## What to work on
Restate every entry verbatim; drop the pictures.

*** Opening The input ***

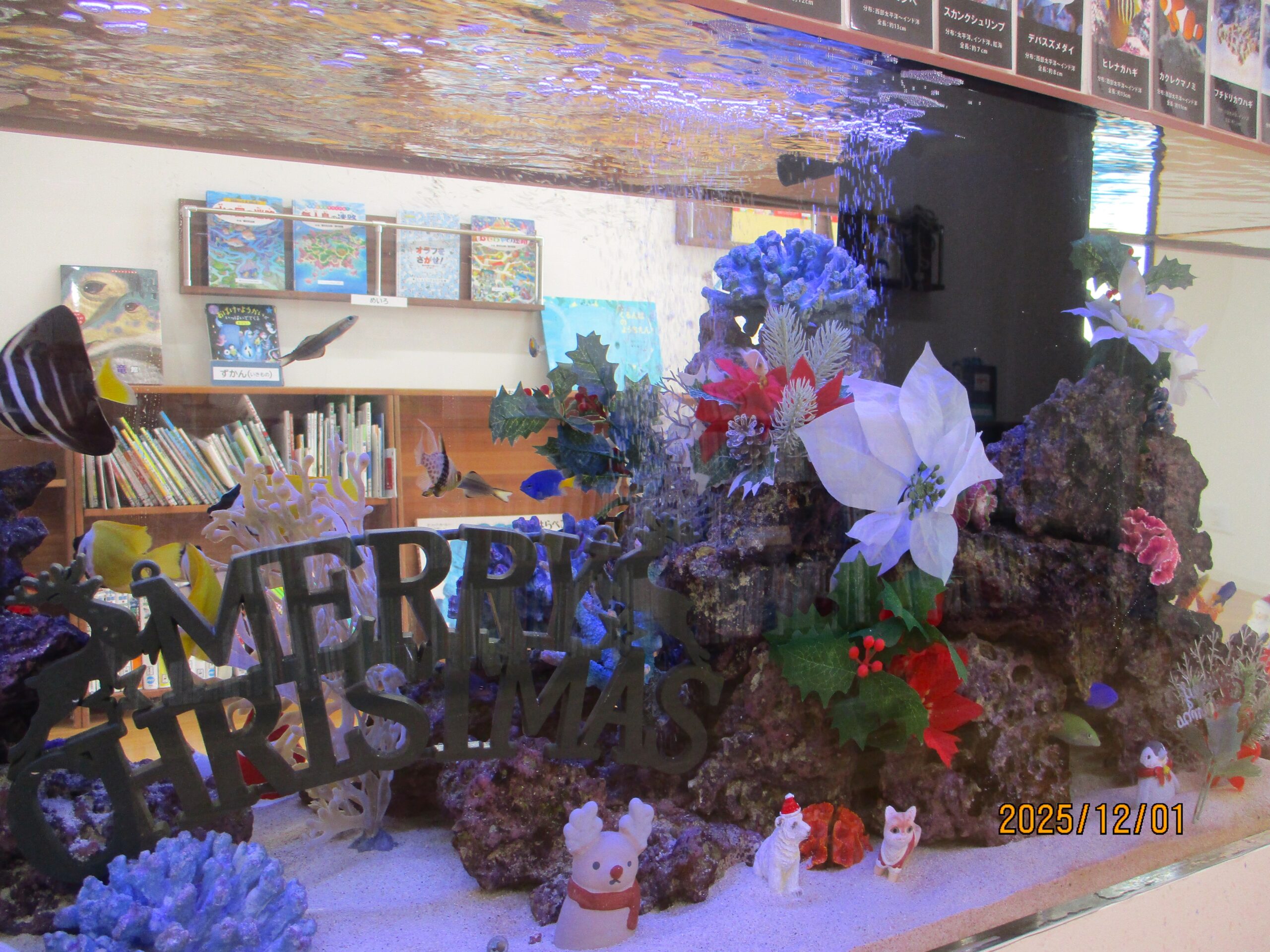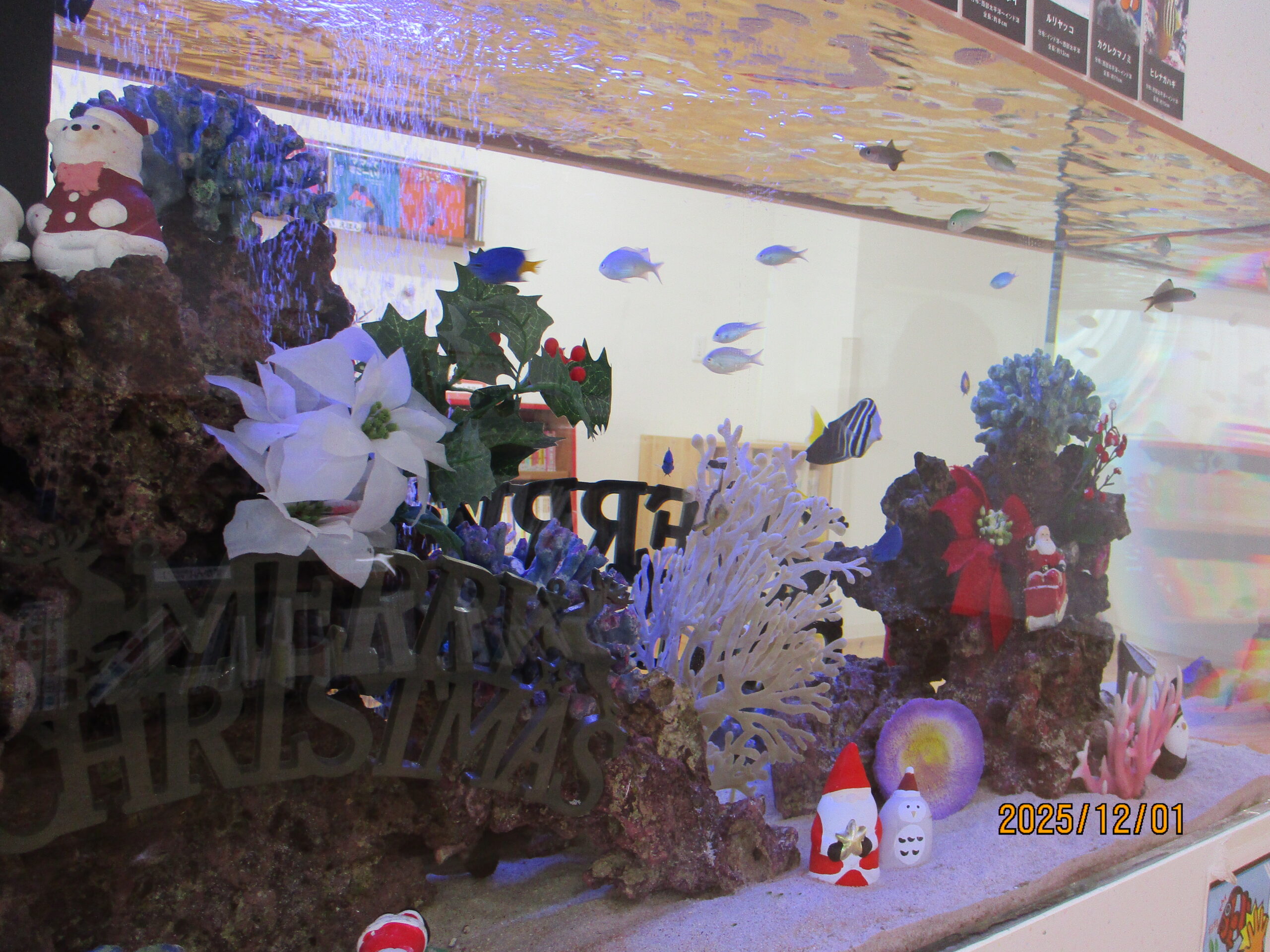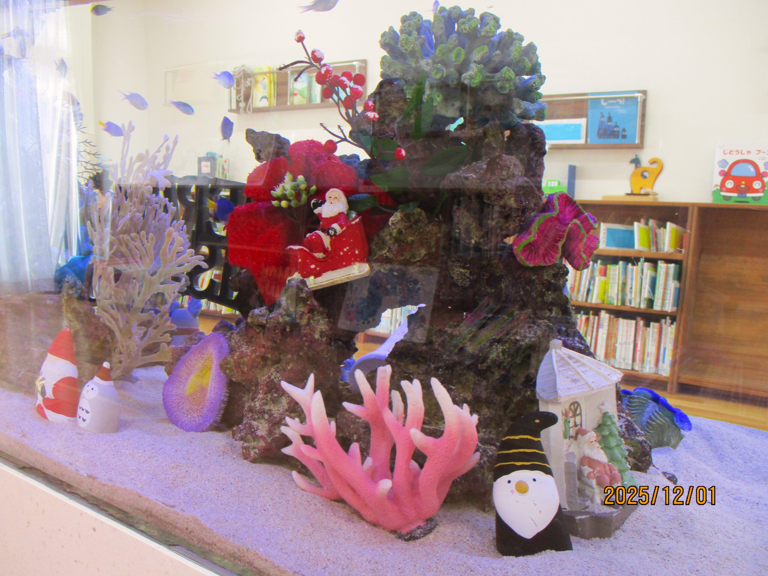 2025年12月03日出来事 お魚さんのお部屋が・・・🐟🎅🎄 園の水槽がクリスマス仕様になりました🐟 サンタさんやトナカイさん、ポインセチアが並び、 水の中にも楽しい冬が広がっているようです。 子どもたちも毎日、嬉しそうに水槽を眺めていますよ。
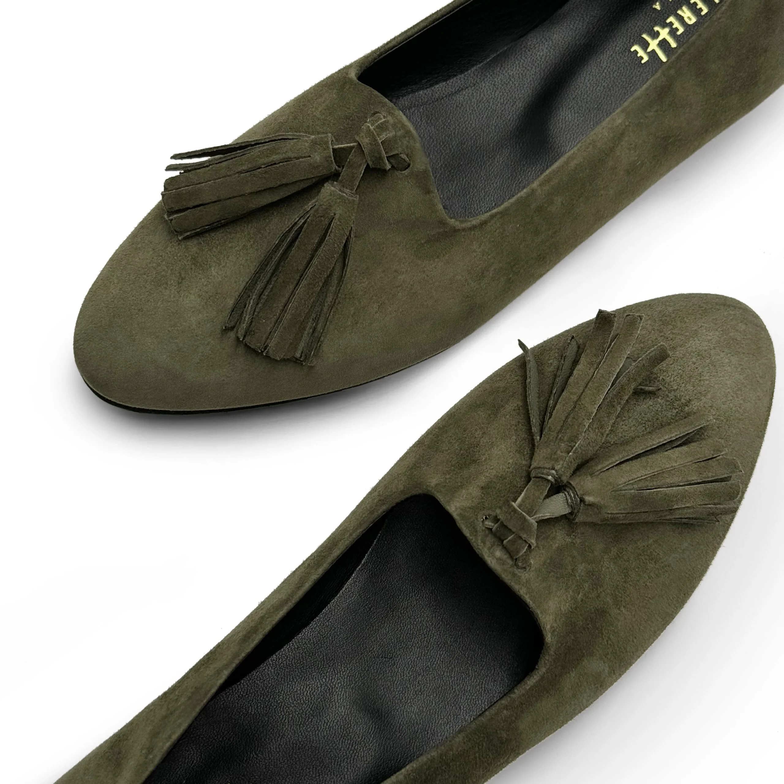 Mocassini da donna in camoscio con nappine in tinta, i Monserrato sono le scarpe da donna ideali per chi cerca un modello artigianale comodo e trendy. Foderati in pelle nera, hanno la suola in gomma nera leggera con trama a carrarmato. Grazie alla forma a punta e alla mascherina che accompagna bene il dorso del piede, questi mocassini rislutano particolarmente affusolati e sinuosi. Qui proposti nel colore verde oliva, sono perfetti per creare diversi abbinamenti e accompagnarti durante tutta la stagione.
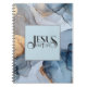 This notebook is shown with a Jesus is the way print and is shown in an ink abstract print in a multi colours blue and grey.
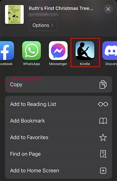 Encontre o livro que deseja adicionar no aplicativo Kindle. Toque no ícone Compartilhar.
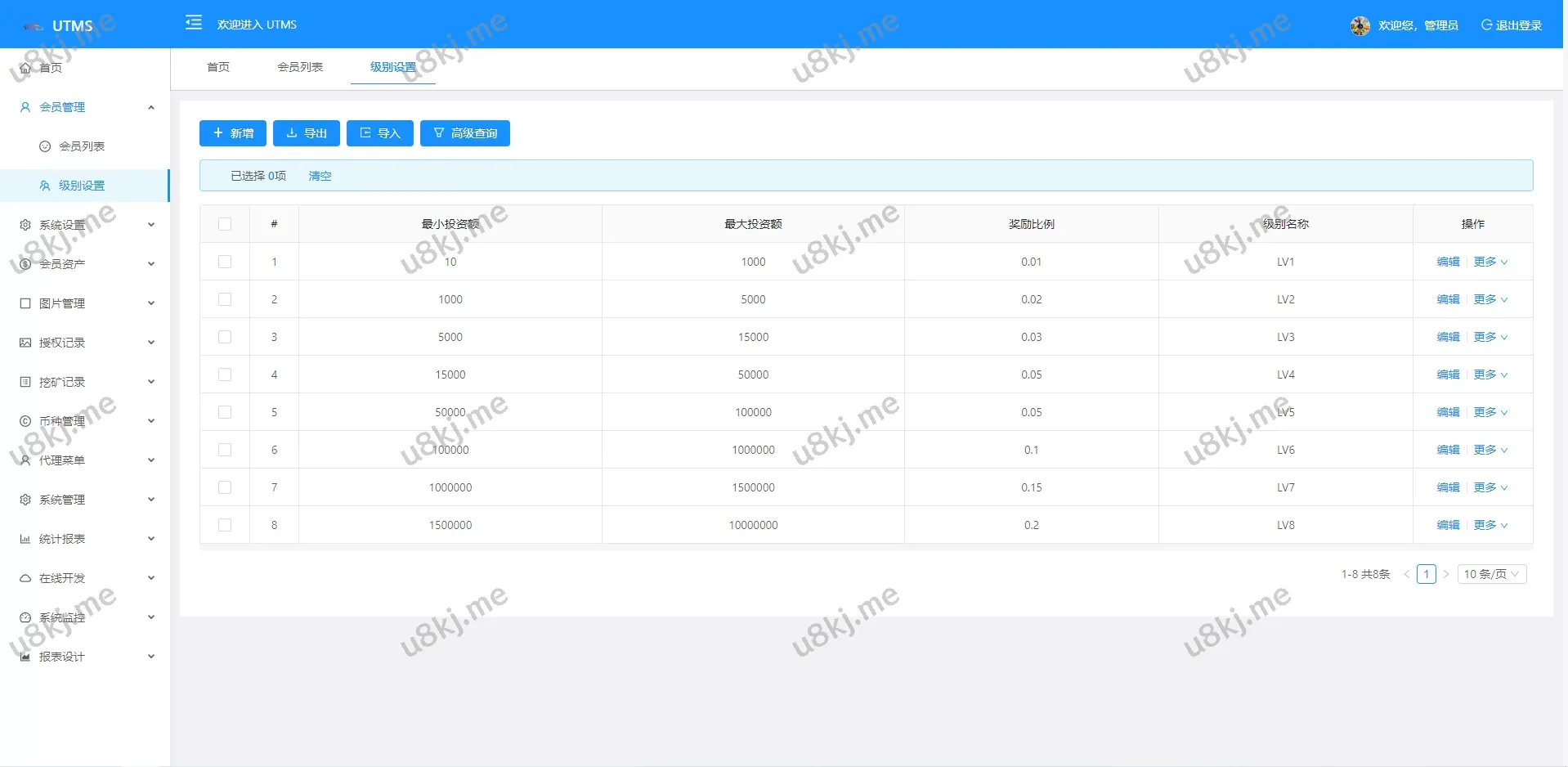 🔹 无限下线代理功能:平台支持无限开设下线代理,帮助用户扩展自己的业务网络。会员源码设定八个等级,每个等级有不同的权益,激励机制清晰。
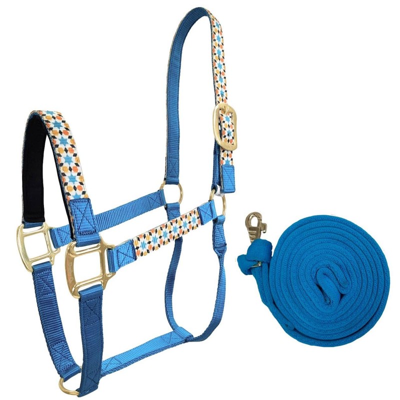 - COMES IN 6 FUN NEW PRINTS - these horse halters are available in Blue Aztec on Black Nylon, Blue Chevron on Hurricane Blue nylon, Geometric on Hurricane Blue nylon, Grey Floral on Pink nylon, Paisley on Charcoal nylon, and Red Aztec on Red nylon.
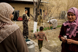 KYRGYZSTAN. Karasu. 2008. Uzbek women gather by a garden in front...
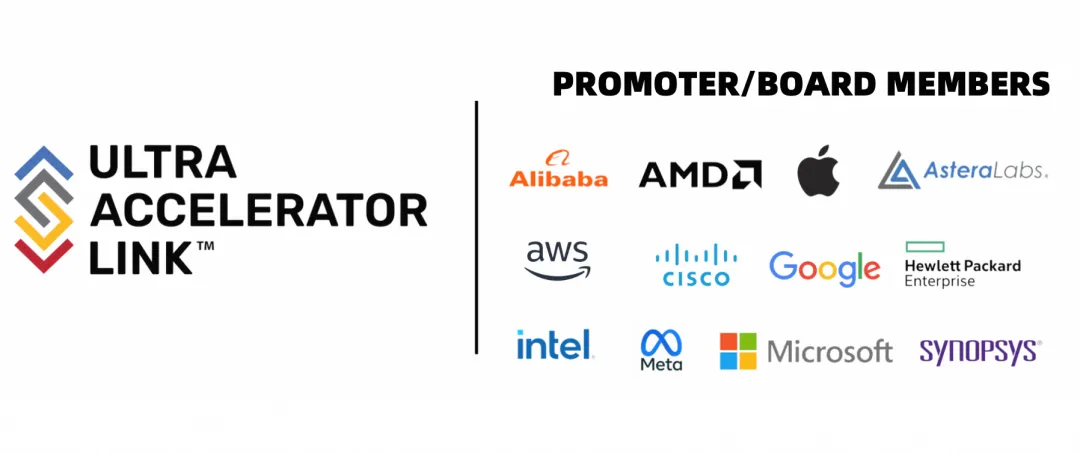 UALink联盟于2024年10月正式成立,是当前全球最重要的AI纵向互连(Scale Up)国际组织。UALink联盟创始董事会成员包括AMD、Astera Labs、AWS、Cisco、Google、HPE、Intel、Meta和Microsoft,阿里云、苹果、新思科技等3家企业最新入选,成员均来自云、半导体、处理器IP、软件公司、OEM等最顶尖厂商。
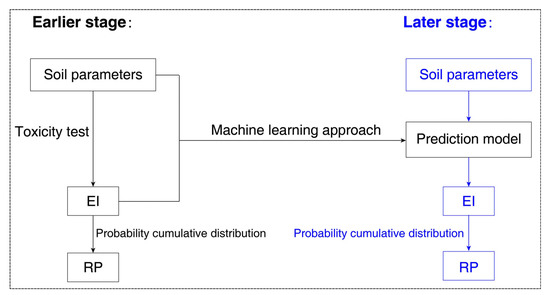Although the ecological risk assessment based on toxicity test is reliable, the cost of toxicity tests is high and the cycle is long. Therefore, in the long run, it is still the most economical and effective method to predict the ecological risk from pollutant content while taking the physicochemical properties of soil into account. However, it is very difficult to use traditional statistical methods to study the correlation between soil composition and toxic effects [48,49]. It has been shown that machine learning algorithms can make acceptable predictions about the relationship between responses and multiple factors. In order to reveal the superposition or confrontation of multiple factors, Yu et al. [50] established a tree−structure−based random forest feature importance and feature interaction network analysis framework (TBRFA), and successfully predicted the microbial composition of global soils under 18 environmental factors [51]. Machine learning methods also show great promise in the construction of prediction models of complex dose–effect relationships, if enough toxicity data of combined contamination are available. Therefore, the use of actual pollutant soil for future toxicity tests is recommended, as is the provision of original tabular data, so as to build an open database of composite pollution and toxic effects and to facilitate the prediction of dose–effect relationships by machine learning methods (earlier stage in Scheme 2). The following soil parameters should be considered: the total content of major pollutants, CEC, pH, and OM. In addition, accurate Latin names of species, trial duration, toxicity endpoint and toxicity effect index (EI) should be provided. Once the prediction model is established and validated, the toxicity effect index of a specific toxicity endpoint of soil can be predicted without further toxicity tests (later stage in Scheme 2). Finally, based on EI predicted by the model, the cumulative probability distribution method can be used to assess the ecological risk of any combined contaminated soil.

*** Closing The input ***

## Answer
 2025年12月03日出来事 お魚さんのお部屋が・・・🐟🎅🎄 園の水槽がクリスマス仕様になりました🐟 サンタさんやトナカイさん、ポインセチアが並び、 水の中にも楽しい冬が広がっているようです。 子どもたちも毎日、嬉しそうに水槽を眺めていますよ。
 Mocassini da donna in camoscio con nappine in tinta, i Monserrato sono le scarpe da donna ideali per chi cerca un modello artigianale comodo e trendy. Foderati in pelle nera, hanno la suola in gomma nera leggera con trama a carrarmato. Grazie alla forma a punta e alla mascherina che accompagna bene il dorso del piede, questi mocassini rislutano particolarmente affusolati e sinuosi. Qui proposti nel colore verde oliva, sono perfetti per creare diversi abbinamenti e accompagnarti durante tutta la stagione.
 This notebook is shown with a Jesus is the way print and is shown in an ink abstract print in a multi colours blue and grey.
 Encontre o livro que deseja adicionar no aplicativo Kindle. Toque no ícone Compartilhar.
 🔹 无限下线代理功能:平台支持无限开设下线代理,帮助用户扩展自己的业务网络。会员源码设定八个等级,每个等级有不同的权益,激励机制清晰。
 - COMES IN 6 FUN NEW PRINTS - these horse halters are available in Blue Aztec on Black Nylon, Blue Chevron on Hurricane Blue nylon, Geometric on Hurricane Blue nylon, Grey Floral on Pink nylon, Paisley on Charcoal nylon, and Red Aztec on Red nylon.
 KYRGYZSTAN. Karasu. 2008. Uzbek women gather by a garden in front...
 UALink联盟于2024年10月正式成立,是当前全球最重要的AI纵向互连(Scale Up)国际组织。UALink联盟创始董事会成员包括AMD、Astera Labs、AWS、Cisco、Google、HPE、Intel、Meta和Microsoft,阿里云、苹果、新思科技等3家企业最新入选,成员均来自云、半导体、处理器IP、软件公司、OEM等最顶尖厂商。
Although the ecological risk assessment based on toxicity test is reliable, the cost of toxicity tests is high and the cycle is long. Therefore, in the long run, it is still the most economical and effective method to predict the ecological risk from pollutant content while taking the physicochemical properties of soil into account. However, it is very difficult to use traditional statistical methods to study the correlation between soil composition and toxic effects [48,49]. It has been shown that machine learning algorithms can make acceptable predictions about the relationship between responses and multiple factors. In order to reveal the superposition or confrontation of multiple factors, Yu et al. [50] established a tree−structure−based random forest feature importance and feature interaction network analysis framework (TBRFA), and successfully predicted the microbial composition of global soils under 18 environmental factors [51]. Machine learning methods also show great promise in the construction of prediction models of complex dose–effect relationships, if enough toxicity data of combined contamination are available. Therefore, the use of actual pollutant soil for future toxicity tests is recommended, as is the provision of original tabular data, so as to build an open database of composite pollution and toxic effects and to facilitate the prediction of dose–effect relationships by machine learning methods (earlier stage in Scheme 2). The following soil parameters should be considered: the total content of major pollutants, CEC, pH, and OM. In addition, accurate Latin names of species, trial duration, toxicity endpoint and toxicity effect index (EI) should be provided. Once the prediction model is established and validated, the toxicity effect index of a specific toxicity endpoint of soil can be predicted without further toxicity tests (later stage in Scheme 2). Finally, based on EI predicted by the model, the cumulative probability distribution method can be used to assess the ecological risk of any combined contaminated soil.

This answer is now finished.